Scrap Your Type Applications
I just ended an always-fun call with @sweirich with a nice little idea to try out: scrap some type applications.
Important Note: I have not re-read Barry Jay and @simonpj's Scrap Your Type Applications in preparation here. Just cheekily re-using their inspiring title.
The key observation is this: Suppose we have a data constructor K :: forall a b. ty1 -> ty2 -> ty3 -> T a b
(no existentials, context, or equalities yet, though they can be accommodated, too, as we'll see). If you know that K
is applied to all of its term-level arguments e1
, e2
, and e3
with known types, then, depending on the shape of ty1
, ty2
, and ty3
, you can often know the type of the applied data constructor. Examples:
(,) e1 e2 :: Tuple2 typeof(e1) typeof(e2)
Just e :: Maybe typeof(e)
(:) e1 e2 :: List typeof(e1)
ReaderT f :: ReaderT r m a
where (r -> m a) = typeof(f)
This does not always work, of course. Examples:
[] :: List ???
Nothing :: Maybe ???
Proxy :: Proxy ???
MkT e1 e2 :: T ??? typeof(e2)
(where MkT :: F a -> b -> T a b and F is a non-injective type family)
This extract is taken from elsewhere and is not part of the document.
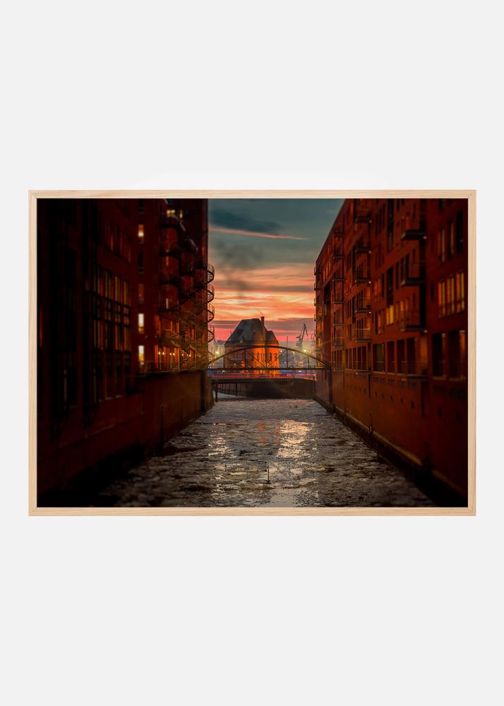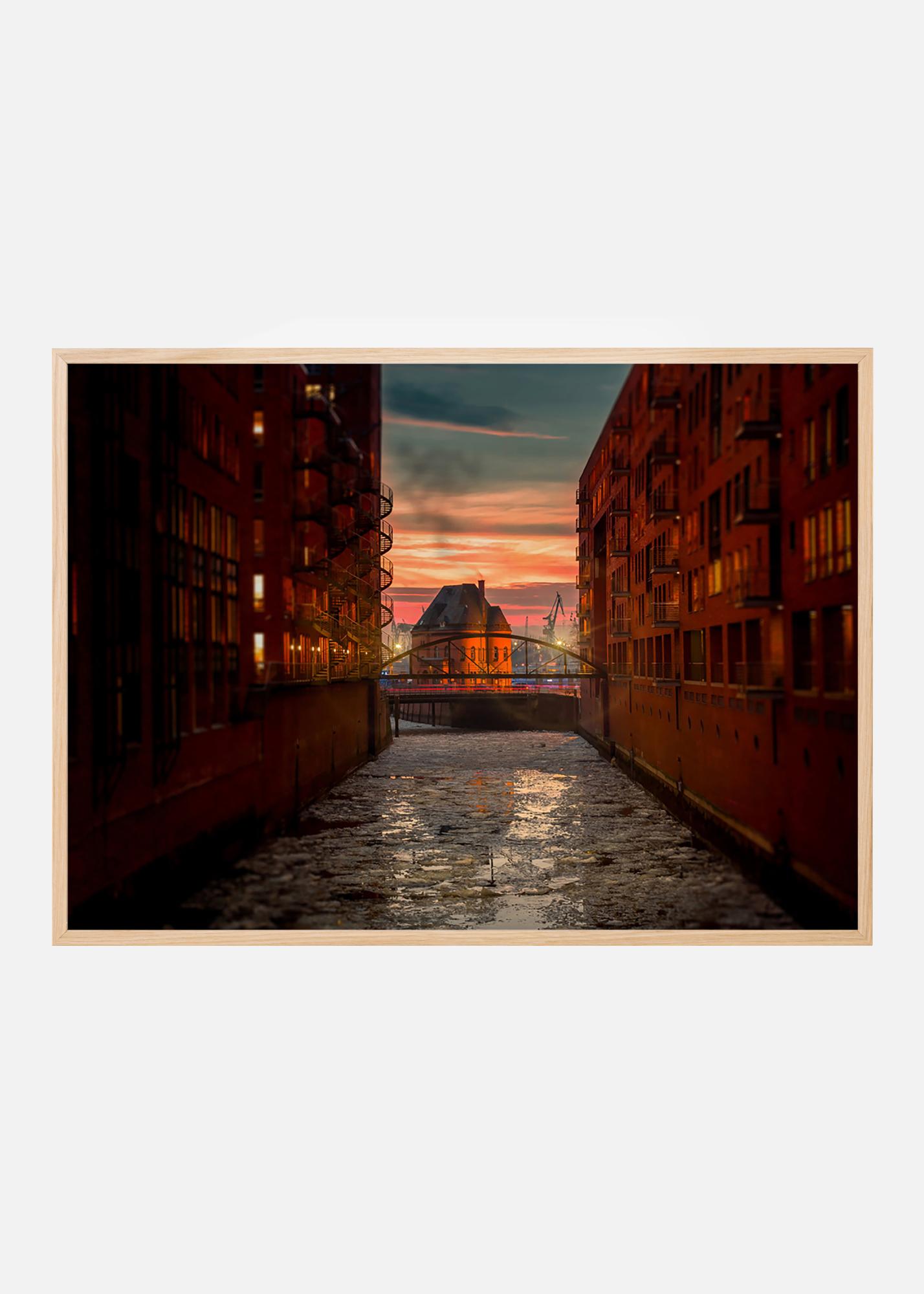 Sunset over the old warehouse district Speicherstadt in Hamburg with its canals and neo-Gothic brick buildings. The photograph from the heritage-protected area fits nicely in the home of someone interested in architecture or history. The poster is best suited in a thin metal frame that matches the strict architecture and looks stylish on the wall together with other city images.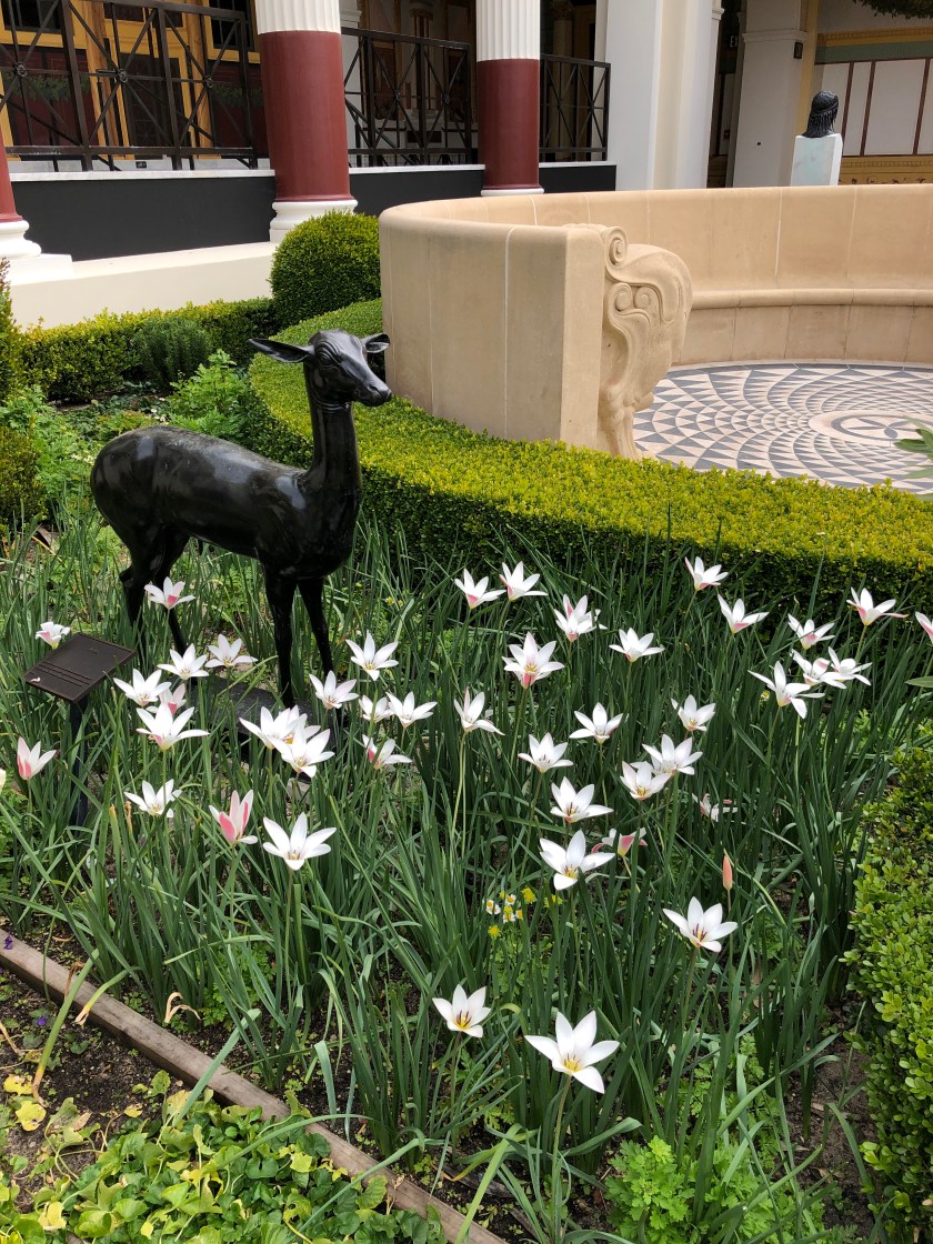 Between visiting darkened galleries devoted to Persephone and her vassals my sister and I popped in and out to delight in the gardens the Villa is so famous for . Glorious spring ephemerals were popping out of the ground as if the dark queen herself was emerging.

Powered by this observation, I propose the following:
- Introduce a new constructor for
Expr b
,ConApp :: DataCon -> [Type] -> [Expr b] -> Expr b
. This constructor is used to represent saturated data constructor applications. - For every data constructor, we do an analysis of its type variables: those that are scrappable (that is, can be deduced from the type of term-level arguments) and those that are mandatory. ("required" is taken) Scrappable type variables are ones that appear in an injective position in at least one term-level argument type.
- The types supplied in a
ConApp
are only the mandatory ones. - The
DataCon
datatype will contain a new fielddcGetTypeParameters :: [Type] -> [CoreExpr] -> [Type]
that, given the mandatory type arguments and the expression arguments, figures out the scrappable type parameters. This field will be used inexprType
.
This plan seems relatively simple, both to describe and to implement. The new ConApp
form could, at first, be used in the bodies of data constructor wrappers, but we could look for other spots to introduce it -- perhaps in the simplifier. Note that (for now, at least) there would be no invariant saying all saturated data constructors are ConApp
s; there doesn't seem to be a concrete advantage to such a requirement. And this approach does not deal with intervening casts, which would remain as App
chains.
For (4), we would have to do some matching. But, actually, the function to get the type parameters could always be some kind of extraction function that would e.g. get the r
, m
and a
out from r -> m a
. If we determine that using the pure matcher is too slow, we could always write some custom code to produce the dcGetTypeParameters
function.
What do we think? Is it worth trying this as an experiment?